## Exercise directions
All of the records below must be output exactly, with no pictures carried over.

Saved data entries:
# # # # # # #
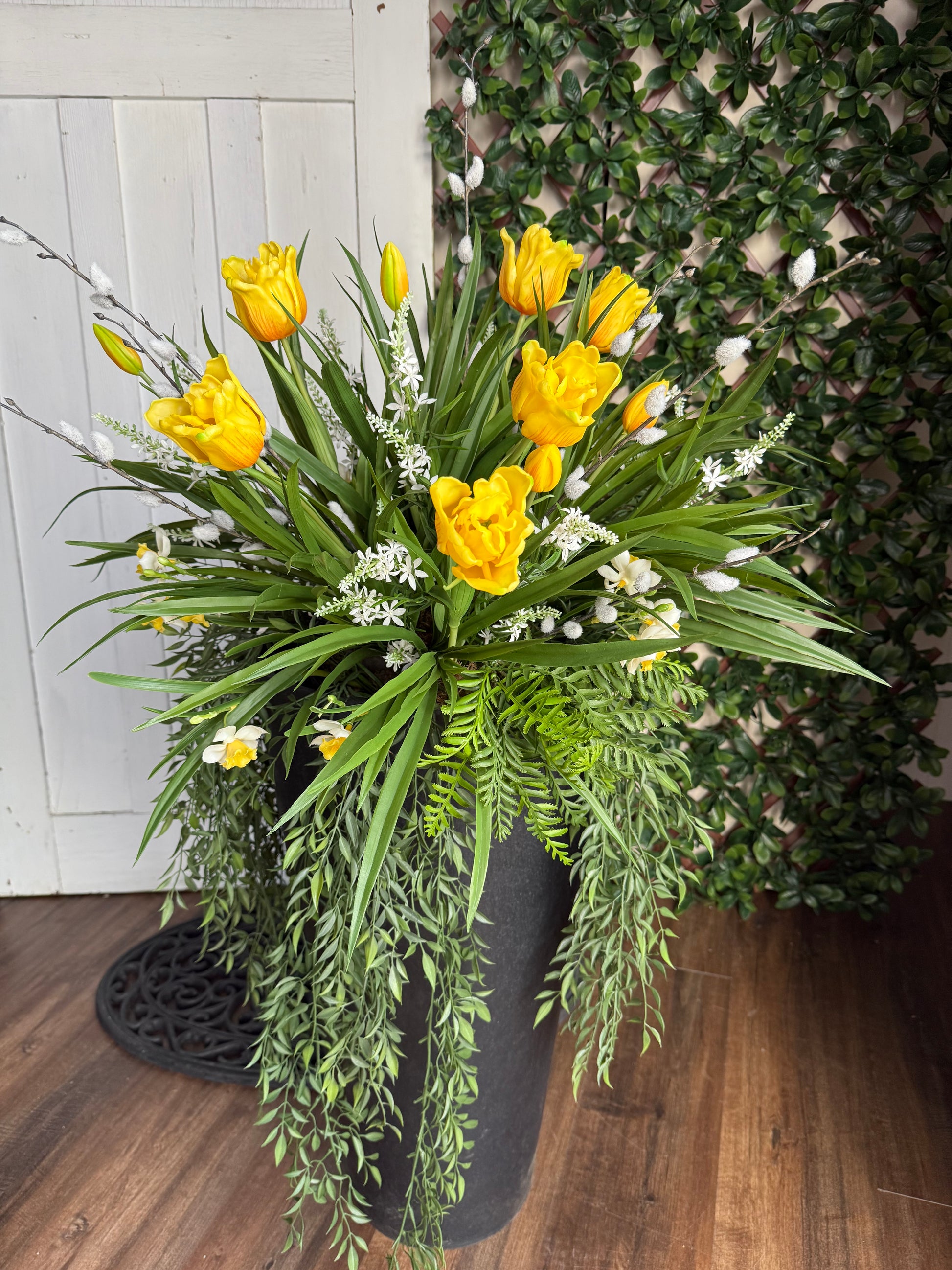 The Tulip Planter Insert measures 26 x 20 inches and features realistic faux tulips, grass, and wildflowers. Designed to fit into your existing planter, it includes a 10-inch plastic liner pot, making it ideal for enhancing spring porch decor with minimal maintenance.
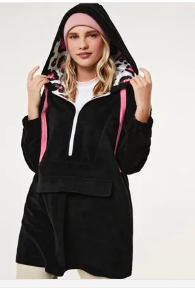 Siyah Zebra Desenli Kapüşonlu Oversize Kadın Sweatshirt
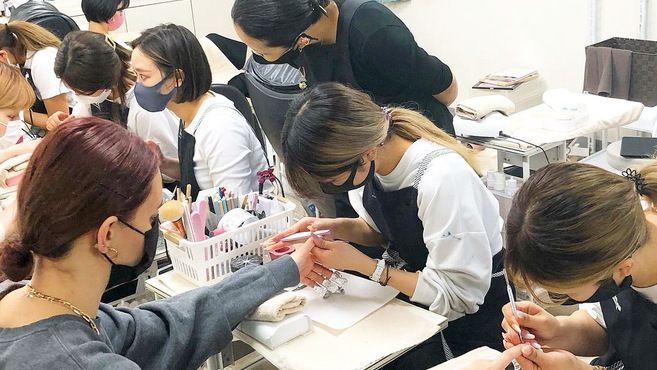 都内では月に30回程、定期的な技術研修会を開催。苦手分野の克服はもちろん、新しいアートや技術についても、インストラクターが指導します。
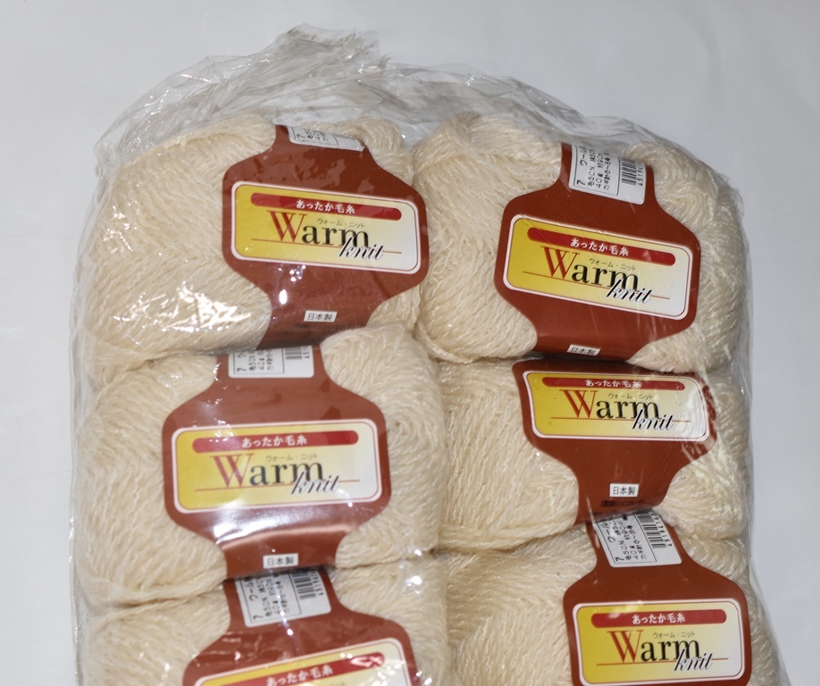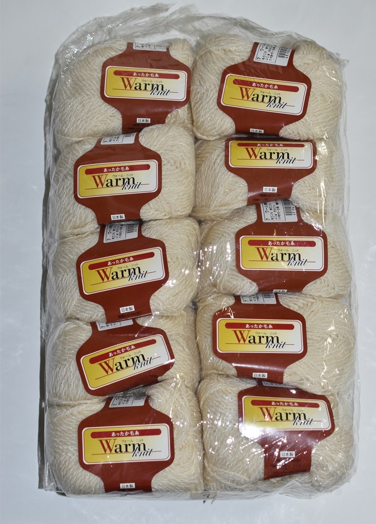 | 【新品未開封・長期保管品】ウォームニット(日本製)毛糸 並太 90m 10個セット(col No.7) クリーム |
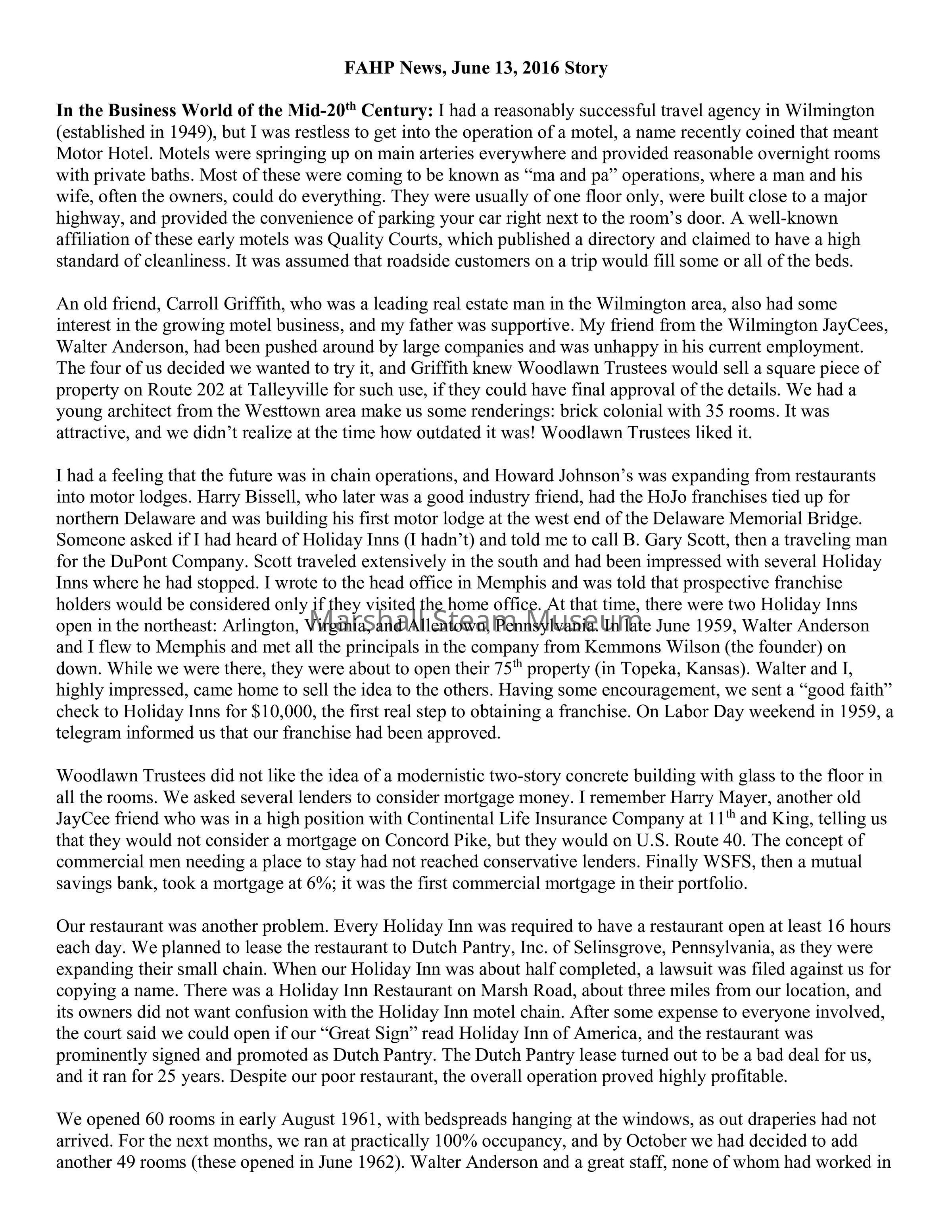 I had a feeling that the future was in chain operations, and Howard Johnson’s was expanding from restaurants into motor lodges. Harry Bissell, who later was a good industry friend, had the HoJo franchises tied up for northern Delaware and was building his first motor lodge at the west end of the Delaware Memorial Bridge. Someone asked if I had heard of Holiday Inns (I hadn’t) and told me to call B. Gary Scott, then a traveling man for the DuPont Company. Scott traveled extensively in the south and had been impressed with several Holiday Inns where he had stopped. I wrote to the head office in Memphis and was told that prospective franchise holders would be considered only if they visited the home office. At that time, there were two Holiday Inns open in the northeast: Arlington, Virginia, and Allentown, Pennsylvania. In late June 1959, Walter Anderson and I flew to Memphis and met all the principals in the company from Kemmons Wilson (the founder) on down. While we were there, they were about to open their 75th property (in Topeka, Kansas). Walter and I, highly impressed, came home to sell the idea to the others. Having some encouragement, we sent a “good faith” check to Holiday Inns for $10,000, the first real step to obtaining a franchise. On Labor Day weekend in 1959, a telegram informed us that our franchise had been approved.
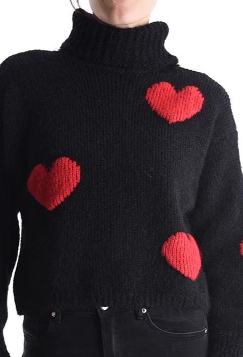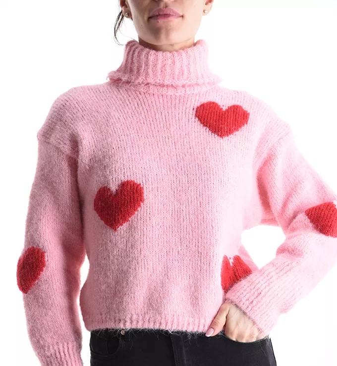 Precioso jersey de mezcla de lana con estampado de corazones, cuello alto y manga larga. Muy suave y calentito.
# # # # # # #
## Expected output
 The Tulip Planter Insert measures 26 x 20 inches and features realistic faux tulips, grass, and wildflowers. Designed to fit into your existing planter, it includes a 10-inch plastic liner pot, making it ideal for enhancing spring porch decor with minimal maintenance.
 Siyah Zebra Desenli Kapüşonlu Oversize Kadın Sweatshirt
 都内では月に30回程、定期的な技術研修会を開催。苦手分野の克服はもちろん、新しいアートや技術についても、インストラクターが指導します。
 | 【新品未開封・長期保管品】ウォームニット(日本製)毛糸 並太 90m 10個セット(col No.7) クリーム |
 I had a feeling that the future was in chain operations, and Howard Johnson’s was expanding from restaurants into motor lodges. Harry Bissell, who later was a good industry friend, had the HoJo franchises tied up for northern Delaware and was building his first motor lodge at the west end of the Delaware Memorial Bridge. Someone asked if I had heard of Holiday Inns (I hadn’t) and told me to call B. Gary Scott, then a traveling man for the DuPont Company. Scott traveled extensively in the south and had been impressed with several Holiday Inns where he had stopped. I wrote to the head office in Memphis and was told that prospective franchise holders would be considered only if they visited the home office. At that time, there were two Holiday Inns open in the northeast: Arlington, Virginia, and Allentown, Pennsylvania. In late June 1959, Walter Anderson and I flew to Memphis and met all the principals in the company from Kemmons Wilson (the founder) on down. While we were there, they were about to open their 75th property (in Topeka, Kansas). Walter and I, highly impressed, came home to sell the idea to the others. Having some encouragement, we sent a “good faith” check to Holiday Inns for $10,000, the first real step to obtaining a franchise. On Labor Day weekend in 1959, a telegram informed us that our franchise had been approved.
 Precioso jersey de mezcla de lana con estampado de corazones, cuello alto y manga larga. Muy suave y calentito.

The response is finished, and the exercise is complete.